Readers may recall with avid disgust the charades of one Josh Garza, former CEO of miner turned scam company GAW Miners, who recently plead guilty to massive fraud. Now, the SEC says they are not done with him and want his former company to pay $12 million in reimbursements and civil penalties.
Strangely, this doesn’t effect Garza personally very much. The companies, which have no cash or assets between them, are certainly not worth $12 million. It would seem obvious that the people who plead guilty to fraud should not be protected under any corporate guise – they cannot hide the misdoings of themselves behind the shells of allegedly upstanding organizations. This is to say, anything Garza may do in the future which is profitable should first have to recompense the many people he victimized in his “cloud mining” scam, forever tainting the mining industry and putting us on high alert to anyone at all who comes into the space.
In 2015, the SEC took action against Garza and others who were scamming in the mining industry. Up until the bitter end, an apparently large crowd of people seemed determined to make Garza, and their collective cryptocurrency, Paycoin, a success, to the detriment of them all. Garza perhaps profited the most in his ponzi mining scheme, but ultimately everybody lost, including him.

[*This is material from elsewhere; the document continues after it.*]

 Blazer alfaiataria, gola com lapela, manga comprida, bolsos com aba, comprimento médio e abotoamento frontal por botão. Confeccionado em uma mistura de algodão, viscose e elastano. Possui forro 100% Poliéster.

It begs the question of whether the victims will be compensated regardless. It’s interesting that perhaps victims lose because the law does not make it seem like an obvious move to go after Garza for his own money in order to compensate for his malfeasance. Instead, the government is supposed to extract the funds from bankrupt, non-existent companies.

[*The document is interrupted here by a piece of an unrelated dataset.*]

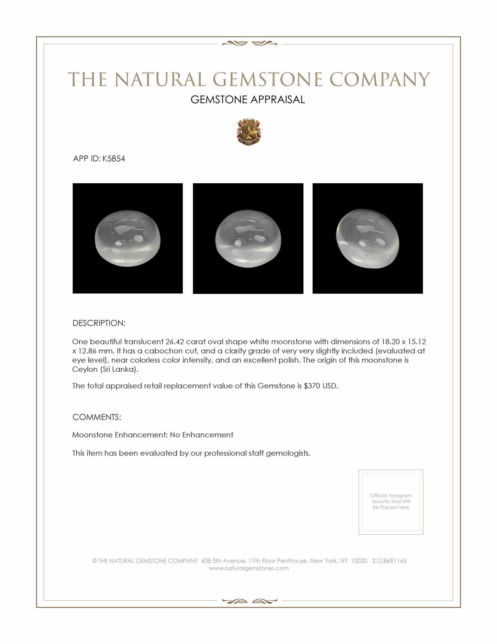 At The Natural Gemstone Company, we pride ourselves on offering jewels that resonate with history and mystery, and our 26.42 carat white moonstone is no exception. This exquisite gemstone, hailing from the lush landscapes of Ceylon, known today as Sri Lanka, embodies the timeless allure and tradition that has enchanted cultures for millennia. Its translucent beauty, shaped into an elegant oval measuring 18.20 x 15.12 x 12.86 mm, invites the eye into a world of tranquility and reflection. The cabochon cut enhances its serene surface, revealing the moonstone’s inner light with a clarity grade of very very slightly included at eye level. Unenhanced and untouched, this stone remains naturally near colorless, with an excellent polish that speaks to the exceptional craftsmanship we uphold.

This makes absolutely no sense, and it really illustrates the problem in Bitcoin. People are perhaps to eager to believe that things are going well when they see alleged figures on a screen telling them how much they’ve made. The Paycoin scandal, after all, reached a crescendo when they began selling items through Amazon Prime for Paycoins. In the beginning, the coins were supposed to buy $20 worth of merchandise each, but this simply did not hold, as the price promise itself never held.
Bitcoin has always been particularly attractive to scammers and other criminals, but this is no different from cash. The difference is that it’s more notable with Bitcoin, perhaps a bit easier in the digital realm, because Bitcoin is still new. Hopefully in the future Bitcoin will instead become associated with numerous good things instead of a mix of good and bad things.